A photographer once said: If your pictures are not good enough, you're not close enough.
We get off the car when we arrive at a desert in Karaj called Haft-joob. A lorry passes us by and we cough as it speeds past in a cloud of dust. We laugh as we cough and our laughter swells until it suddenly drops on our head. Ahmad is standing on the sand dune. When the dune subsides, he sees us from a long distance, waves his hand and runs towards us. As he gets closer, he moves his hand up as if he’s holding a ball. Nima says: ‘I don’t have a pump. I’ll bring you one in the evening, ok?’ Ahmad doesn’t know what ‘evening’ means in Urdu. He looks at him in bewilderment and gives him a faint smile.
We have reached the pit where the tents are. Pit, is another name for the place where Ahmad and tens of other families live. Inside the pit the cold biting wind blows just as above; it penetrates into us and makes us shiver. Ahmad takes out a T-shirt and wears it on his shirt. He turns back, looks at us and smiles. Two men, each holding a doublet of a pair of shoes, are standing in front of and looking at each other in the hope that the other lets go of his doublet. The woman who’s standing beside me speaks Persian almost correctly. She holds my hand and whispers in my ear: ‘bring us pills.’ She shapes a circle around her belly and continues: ‘so that we can’t have kids.’ Her name is Manijeh. She says: ‘I’m from Karachi. When the flood came, I lost everything. Here is better, you are here, Iranians are very nice.’ Her clothes are colourful. She laughs heartily and says: ‘I warmed some water and washed myself.’ Then she suddenly says: ‘My two daughters are mute. Come and see them.’ I ask her where they are. She says: ‘Here, behind the tents.’ She pulls my hand and asks me to go with her. Everyone is busy doing something; Maryam is taking glucose test, Nima is talking to men and Bahar and I follow Manijeh to her tent.

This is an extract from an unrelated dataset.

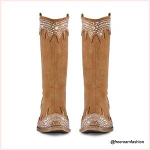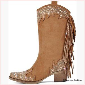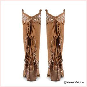 Brand new, never worn, and in flawless condition — these stylish western boots deliver a bold, head-turning look perfect for concerts, festivals, or casual outings. The studded fringe moves with every step for a fun and dynamic cowgirl chic vibe.

Behind the tent, two little kids are lying prostrate on clods of earth. I bend down and sit beside them. Manijeh shakes her head in regret and repeats: ‘They are mute.’ I’ve almost become nervous. Never has this word been my favourite. I say: ‘They are so small. Are they just mute or they’re deaf-mute?’ She says: ‘They’re not small but stunted. This one is four years old and the other three.’ Neither of them has socks on. The 3-year-old one can’t stand; she looks like an eight-month-old child. Manijeh points to her 4-year-old daughter and says: ‘Both suffer from extremely soft bones. Their neck bone is so soft they keep their head straight with difficulty.’ I look at the younger girl and I see a hole on her leg. I ask: ‘What is this?’
Suddenly the 3-year-old kid stares into my eyes. Her eyes are so full of fear and black that I can’t believe she is really 3 years old. I can’t believe the heaviness of this little child’s gaze. Manijeh says: ‘A few nights ago, a…a… (she says something in Urdu that I can’t think of its equivalent) came into the tent and took her between its jaws and pulled her out.’ She points to a place with her finger and continues: ‘it pulled her out on the floor until there.’ I ask: ‘what was it?’ She puts her hands behind her head as if they’re ears, then she takes a crawling pose. I ask her if it was a wolf. She shakes her head and says: ‘No.’ Nima has arrived, he hears the story and asks: ‘fox?’ Manijeh repeats slowly: ‘fox!’ She is hesitant. She thinks if what she wants to explain is a fox or another animal. She tries once again and says the animal’s name in Urdu. We all shake our head, we don’t know.
Before leaving, Manijeh says: ‘Her name is Sumera.’ She means the girl’s name; Sumera.
Maybe it’s better not to go behind the tents, easier I mean to go on with your life and keep the routine. Maybe it’s better always to stay in front of the tent; there is always something to do in front of the tent too. But what about the temptation to fly with wings of wax? Oh! The temptation to reach out to what’s behind the quotidian life, the temptation to get close…
After Nowruz, all the Pakistani tents in Haft-joob were pulled down. All of the people were sent back to Pakistan on bus or minibus. All of them went away, Ahmad, Manijeh and Sumera; but the gaze of the little girl behind the tent stayed there in the pit forever.